Box set by the B-52s
- Released: June 20, 2025
- Genre: New wave
- Label: Rhino
- Producer: Various

The B-52s chronology
| Live! 8-24-1979 (2015) | The Warner and Reprise Years (2025) |  |

= The Warner and Reprise Years =

The Warner and Reprise Years is a 2025 box set by American new wave band the B-52s, released on June 20, 2025 by Rhino Entertainment.

== Contents and packaging ==
The box set contains the band's studio albums released between 1979 and 1992 along with Party Mix! and Mesopotamia EP in their original forms without any bonus tracks. Each release is present on individual LP and CD except Good Stuff which is a double LP.

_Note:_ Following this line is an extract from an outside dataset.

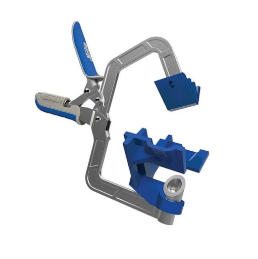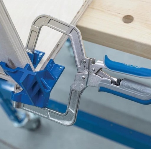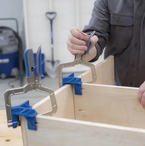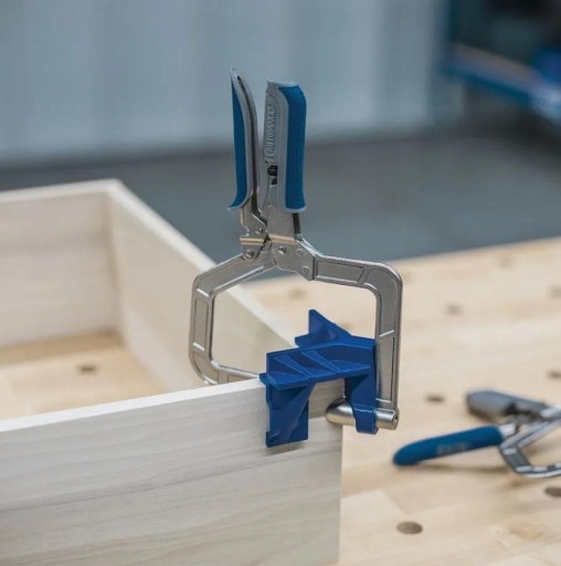 Zacisk narożny Kreg® 90° zapewnia pomocną dłoń, której potrzebujesz, aby bezpiecznie utrzymać narożniki 90° i połączenia "T" podczas montażu pudełek, szuflad, szafek i skrzyń. Dodatkowo, zacisk narożny 90° pozostawia obie ręce wolne, aby można było dodać elementy złączne. Ten poręczny zacisk ułatwia wyrównanie elementów projektu, a technologia Kreg Automaxx® sprawia, że obsługa zacisku jest szybka i niezawodna - zacisk zamyka się automatycznie z ustawioną siłą nacisku, niezależnie od materiału, czy to w przypadku cienkiej sklejki do szuflad, czy materiałów o grubości do 25 mm. Szczęki ścisku w kształcie litery V pewnie trzymają współpracujące elementy, zapewniając precyzyjne ustawienie elementów pod kątem 90° podczas wkręcania wkrętów Kreg lub nawet innego rodzaju łączników, takich jak gwoździe lub wkręty do drewna.

The only studio album absent from the set is 2008's Funplex, as Funplex was not released on either Warner Records or Reprise Records, and was instead released on Astralwerks Records.

== Release and critical reception ==

The album was released in celebration of Pride Month.

Writing for Under the Radar, critic Frank Valish wrote the band "been a staple of quirky, exuberant, hyper-melodic, forward thinking indie rock for nearly 50 years", noting the band's catalog is an "exciting proposition." He concludes that "their best albums only bracketed that decade, with much wayward soul-searching in between. Still, kudos to Rhino for allowing such a comprehensive look back at a band that was, and still can be, so exciting".

In an Uncut magazine review, Tom Pinnock concluded that as the box set rises on the charts, the band continues to be "one of those rare groups who can genuinely claim to have launched the counterculture gloriously into the mainstream". In a review for Spectrum Culture, Will Pinfold called it "naturally, die-hard [for] B-52’s fans, but it’s kind of a (very attractive) washout from that point of view", noting it "simply brings together standard, non-expanded editions of readily available albums and EPs with no bonus material." He concludes that it shows "just what a delicate balance, and a symbiosis, their music is at its best".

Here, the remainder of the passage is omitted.